Кресло сохранилось, отец перенес его к своему письменному столу. Как уж управлялся с ним? Впрочем, ведь дома почти не бывал.
За едой мать Павла вводила меня в распорядок жизни. Завтра утром дедушка поедет вместе с Олей – детсад приступает к работе. Детсад рядом с его работой. Утренняя поездка за руку с Оленькой, хотя и в тесноте метро, «зарядка для него на весь день». Он остается на работе допоздна. А в шесть часов надо ребенка забирать. Это ежедневное мучение для нее. В метро с пересадкой в самые часы пик. Она вообще терпеть не может выходить из дому. Это я знала. В стареньком халате надраивала весь день скромную квартиру не хуже немок.
– Хорошо, что ты наконец вернулась. Завтра я могу остаться дома. За Олей поедешь ты.
Мой слух надсаживало Олино обращение «мама Фаня». Отец себе не позволил подменить сына, оставался «дедушкой».
Но легко понять бабушку, еще довольно молодую женщину – в начале войны ей и вовсе чуть за сорок, – приучившую ребенка называть ее так. Да она и была Оле матерью годы моего отсутствия. И она же приучила Олю каждый вечер перед сном прощаться со мной – с фотографией, выставленной в рамке на столе.
Теперь вот я сошла из той рамки. Две мамы. Да, все сместилось. Как-то еще уляжется.
Я стала собираться. Пора. Что там у нас дома? Как мама? Братья?
Прощаюсь до завтра. Оленькины погрустневшие глазки, может, опасается: захлопнется за мной дверь, и я опять пропаду. Только до завтра. Хочется добавить: и теперь уж навсегда.
Выйдя из подъезда – шаг, другой, – я инстинктивно обернулась. Фаня Моисеевна стояла за окном. Я помахала ей рукой. Не помню, было ли так до войны, но со дня моего возвращения и до самых последних ее дней я, уходя отсюда, буду всегда оборачиваться, чтобы помахать ей, зная, что она неизменно тут за окном провожает меня и еще долго смотрит мне вслед.
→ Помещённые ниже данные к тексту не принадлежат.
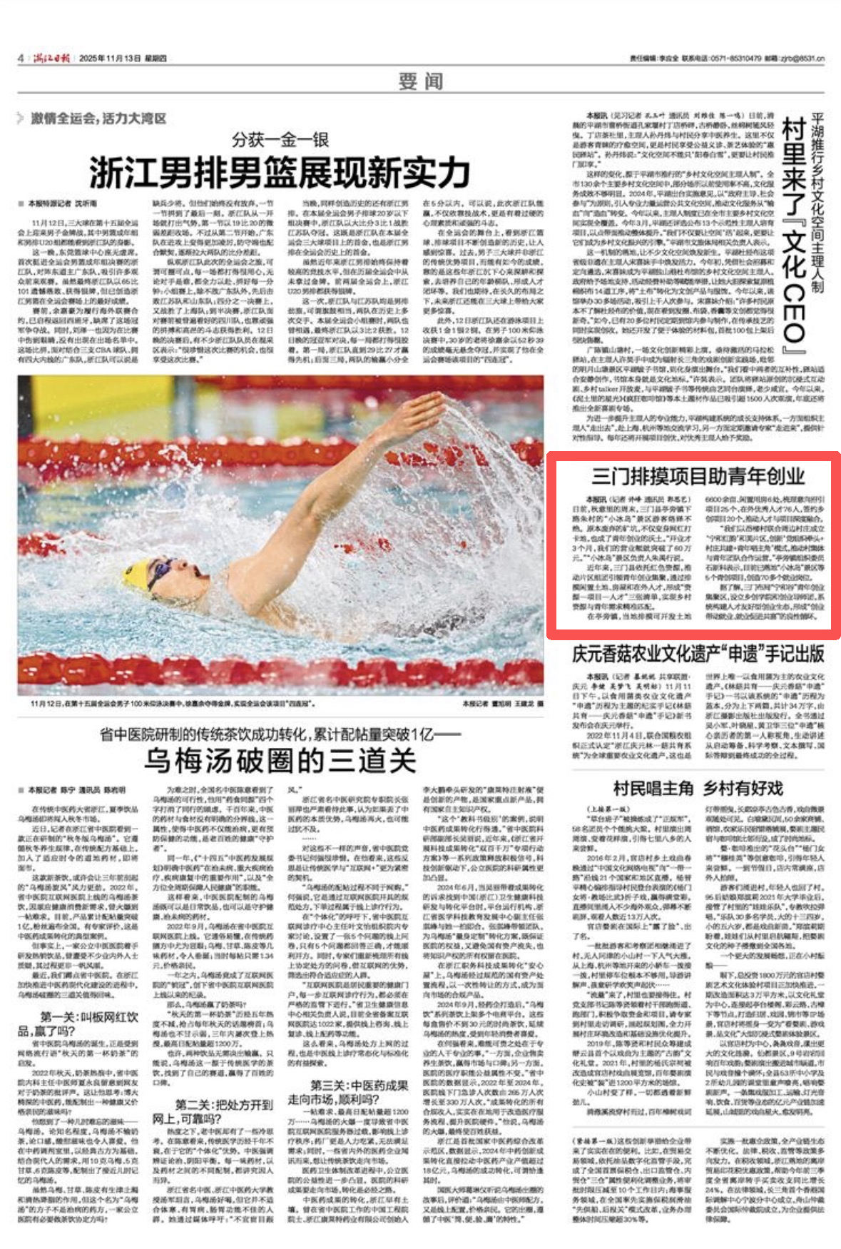 据了解,三门布局“宁和谷”青年创业集聚区,设立乡创学院和创业导师团,系统构建人才友好型创业生态,形成“创业带动就业、就业促进共富”的良性循环。

Вот такая странная ниточка ни при каких катаклизмах не обрывалась до самого конца.
– Кто приходил к вам? – спросила новая соседка по больничной койке Фаню Моисеевну, когда она в последний раз укладывалась на ночь.
– Дочь, – ответила она.
Я удалялась своим вечным маршрутом. Мой дом поблизости – за углом. И в тот же первый день возвращения я, волнуясь, поднималась по лестнице. Звонок не работал. Я постучалась. Дверь открыла мама. Так начались мои воспоминания.
5
«Здравствуй, мама! Возвратились мы не все!» – поется теперь в День Победы. Звонкая песня обрушивалась заодно и на безутешных родных, не дождавшихся встречи. Поют, хоть бы что.
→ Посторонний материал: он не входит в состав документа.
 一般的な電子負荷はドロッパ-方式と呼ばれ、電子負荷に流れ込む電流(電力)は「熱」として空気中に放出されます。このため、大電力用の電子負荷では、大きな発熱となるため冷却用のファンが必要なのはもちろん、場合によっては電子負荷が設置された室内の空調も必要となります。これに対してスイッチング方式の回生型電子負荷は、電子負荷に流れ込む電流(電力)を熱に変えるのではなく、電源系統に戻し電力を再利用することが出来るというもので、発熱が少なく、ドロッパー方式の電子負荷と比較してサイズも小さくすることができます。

Я вот вернулась. А что, спрашивается, представляю собой?
Недоучившаяся студентка. Военная переводчица с повышенной репутацией. Были, были удачи, и немаловажные тоже. Не стану прибедняться. Но что с того теперь? К чему приложимо? Ни к чему. Все разом погасло. А есть дочка. Я привыкла, что мой гвардейский денежный аттестат ее содержит, еще и маме он в помощь. А теперь на что рассчитывать? Хотела бы устроиться на работу, но в качестве кого? Папа настоял, чтобы доучилась, без диплома – никуда. Тогда что ж – студенческая стипендия и к ней папина добавка. Но само собой подступает чувство ответственности. От него заслоняла непреложная и чтимая доминанта – война. И нет проблем. Война в сущности безответственность. Похоже, началось испытание жизнью без войны.
Все такое про себя прокручиваешь без толку. Нужны какие-то новые жизненные силы, а их что-то нет. Слова «депрессия» тогда в ходу не было, говорили – «апатия».
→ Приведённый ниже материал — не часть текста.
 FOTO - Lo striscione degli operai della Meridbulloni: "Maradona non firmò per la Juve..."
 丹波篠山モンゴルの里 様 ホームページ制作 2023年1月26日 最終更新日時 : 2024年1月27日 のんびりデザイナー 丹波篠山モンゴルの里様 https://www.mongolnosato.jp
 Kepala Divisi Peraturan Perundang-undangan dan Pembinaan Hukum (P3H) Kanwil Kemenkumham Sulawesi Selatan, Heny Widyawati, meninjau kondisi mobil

«Надо обсудить твое положение» – эта формула нависает дома надо мной. Молчаливо. Кто ж подступится? Да и что обсуждать при отсутствии какого бы то ни было положения?
Все, мол, слава богу, позади. Живи. Но ведь обрыв. За что цепляться, как жить? Чего желать? Да и желаешь ли чего? Смутно.
Лучше пошли-ка в гости. Вот старший брат ведет меня к своей родне. Отчасти – предъявить меня теще и ее мужу, отчасти – мною же и заслониться в нарастающей напряженной ситуации. Там меня ждут, там расположены ко мне, а я – к ним.
Едем троллейбусом до Маяковской, дальше пешком по Садовому кольцу, сворачиваем на Малую Бронную. Держусь за руку брата. Москва мне кажется осевшей, темной, износившейся, притихшей, почужавшей. Вышли к Патриаршим прудам… Здесь поблизости жил Коля Бурачек. Он погиб на фронте. В зимнюю пору Кити каталась на коньках на Патриарших. Это приметил, кажется, Левин.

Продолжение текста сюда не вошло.